In fact, when it comes to predicting election outcomes, it makes much more sense to focus on the big picture. In 1981, collaborating with the renowned mathematician Vladimir Keilis-Borok, I developed the Keys to the White House, a system for explaining and predicting presidential election results based on the study of American politics from 1860 to 1980. The Keys model demonstrates that presidential elections are primarily judgments on the performance of the party currently holding the White House, with speeches, ads, debates, campaign appearances and even tweets accounting for little or nothing in the final outcome. [...]
Since 1984, the Keys model has correctly forecast the outcomes of all subsequent US presidential elections, including in 2016. Using the model, I predicted a Trump victory in a Washington Post interview on September 23, 2016. I doubled down on that prediction in another interview on October 28, after the revelation of the Trump Access Hollywood tape and allegations of sexual assault, and before FBI director James Comey’s letter updating Congress about new Clinton email discoveries. [...]

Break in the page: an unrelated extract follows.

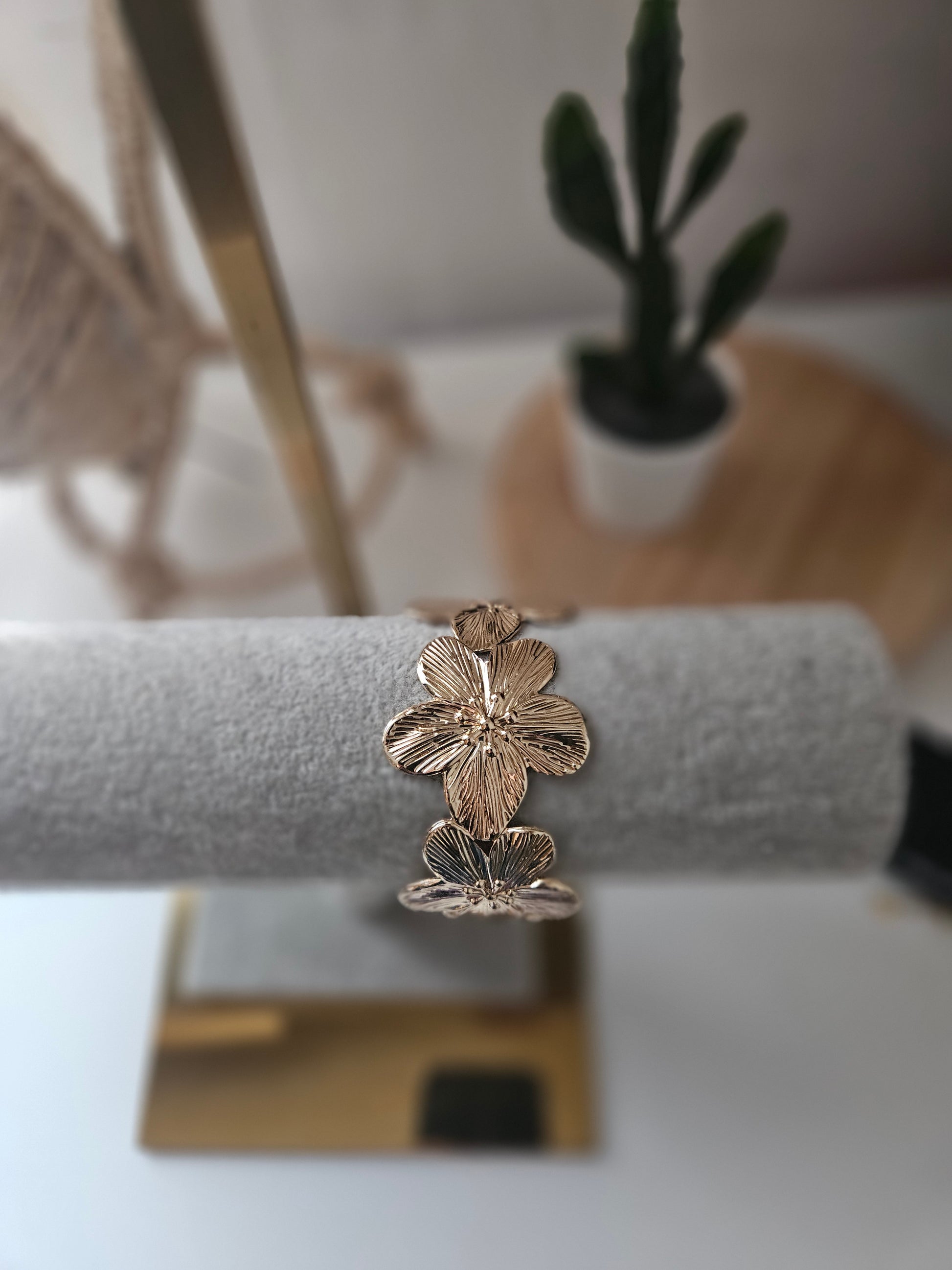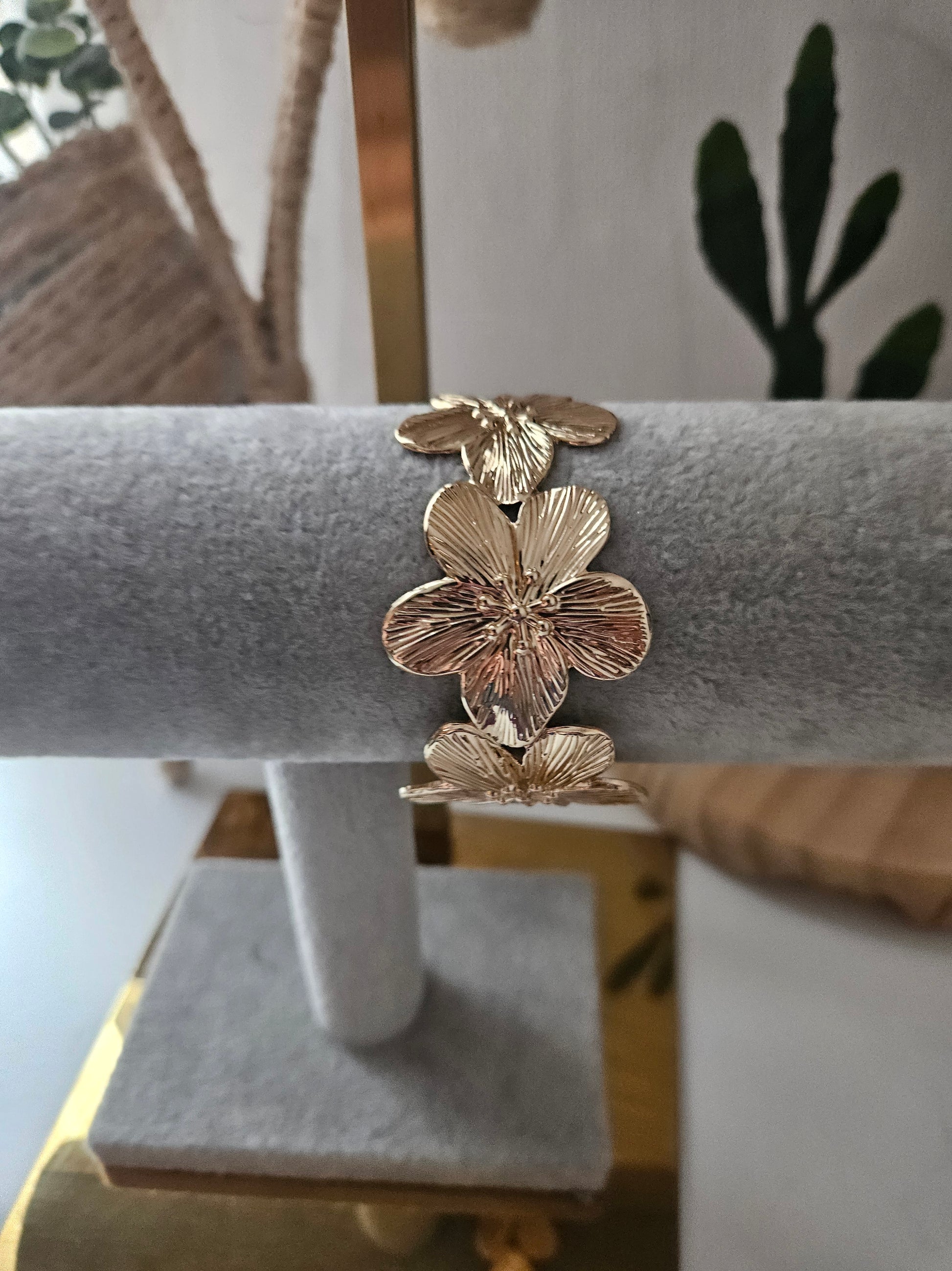 Bracelet manchette fleur doré 🌸 sculptée réglable

All this suggests that both the media and politicians should rethink their strategies toward elections. Rather than focusing on polls and horserace coverage, the media should cover elections in terms of what they mean for governing. In this era of fake news they should be the gatekeepers of truth, mediating the clash between fact and fiction. Of course, all this flies in the face of the revenues that flow to the media from covering elections day-by-day with the drama of a sporting event.